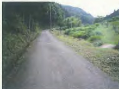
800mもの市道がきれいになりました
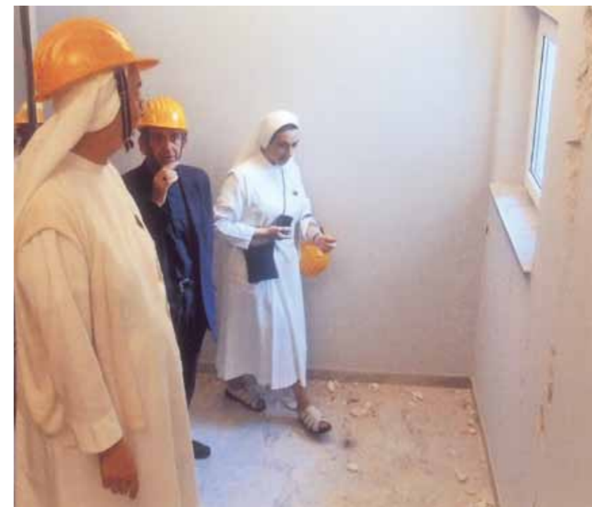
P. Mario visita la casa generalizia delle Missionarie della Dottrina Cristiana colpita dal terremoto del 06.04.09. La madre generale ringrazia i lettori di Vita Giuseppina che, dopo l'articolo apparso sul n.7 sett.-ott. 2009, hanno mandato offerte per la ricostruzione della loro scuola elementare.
☆ ☆ ☆ ☆ ☆
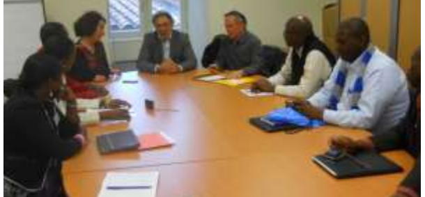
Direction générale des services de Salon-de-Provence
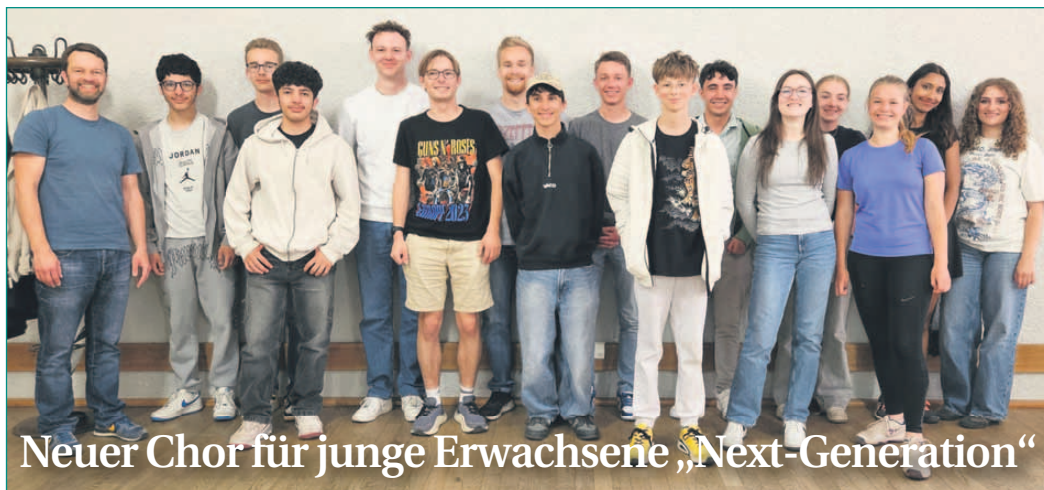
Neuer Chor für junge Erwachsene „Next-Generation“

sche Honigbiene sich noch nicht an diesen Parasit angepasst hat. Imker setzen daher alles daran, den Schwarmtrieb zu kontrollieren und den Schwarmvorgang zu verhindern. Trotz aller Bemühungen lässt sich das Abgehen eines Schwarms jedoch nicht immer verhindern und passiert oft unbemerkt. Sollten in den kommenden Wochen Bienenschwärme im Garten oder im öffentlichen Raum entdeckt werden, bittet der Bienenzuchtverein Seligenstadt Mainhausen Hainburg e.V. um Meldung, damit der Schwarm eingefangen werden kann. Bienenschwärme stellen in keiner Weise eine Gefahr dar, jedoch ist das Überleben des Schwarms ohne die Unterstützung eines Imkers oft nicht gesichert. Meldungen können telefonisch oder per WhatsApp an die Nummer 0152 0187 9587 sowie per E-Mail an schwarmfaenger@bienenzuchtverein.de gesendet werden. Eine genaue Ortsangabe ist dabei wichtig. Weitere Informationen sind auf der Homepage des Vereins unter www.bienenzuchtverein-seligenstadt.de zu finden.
☆ ☆ ☆ ☆ ☆
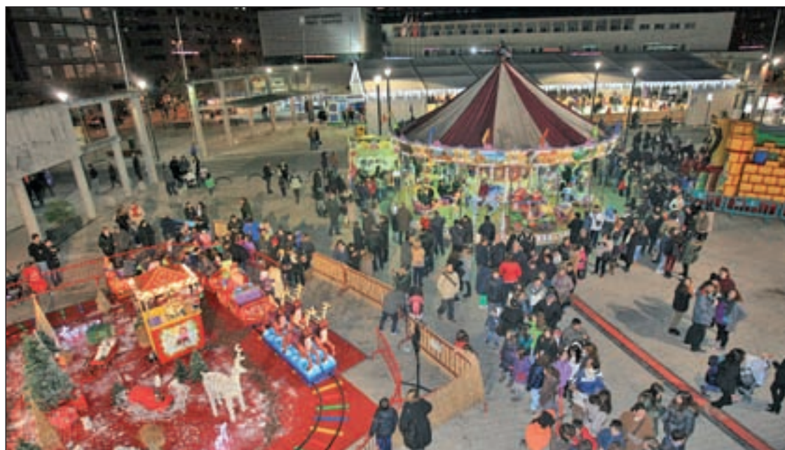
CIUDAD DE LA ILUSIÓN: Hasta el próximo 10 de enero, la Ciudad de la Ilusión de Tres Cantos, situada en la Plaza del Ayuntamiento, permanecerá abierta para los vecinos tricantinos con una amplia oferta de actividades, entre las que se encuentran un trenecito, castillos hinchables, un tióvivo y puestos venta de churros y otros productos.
☆ ☆ ☆ ☆ ☆
What is being asked: Keep to the stretch from the line containing "800mもの市道がきれいになりました" through the line containing "P. Mario visita", both ends included, and copy it exactly from the listing above, minus the pictures.

Result of the exercise:
800mもの市道がきれいになりました
P. Mario visita la casa generalizia delle Missionarie della Dottrina Cristiana colpita dal terremoto del 06.04.09. La madre generale ringrazia i lettori di Vita Giuseppina che, dopo l'articolo apparso sul n.7 sett.-ott. 2009, hanno mandato offerte per la ricostruzione della loro scuola elementare.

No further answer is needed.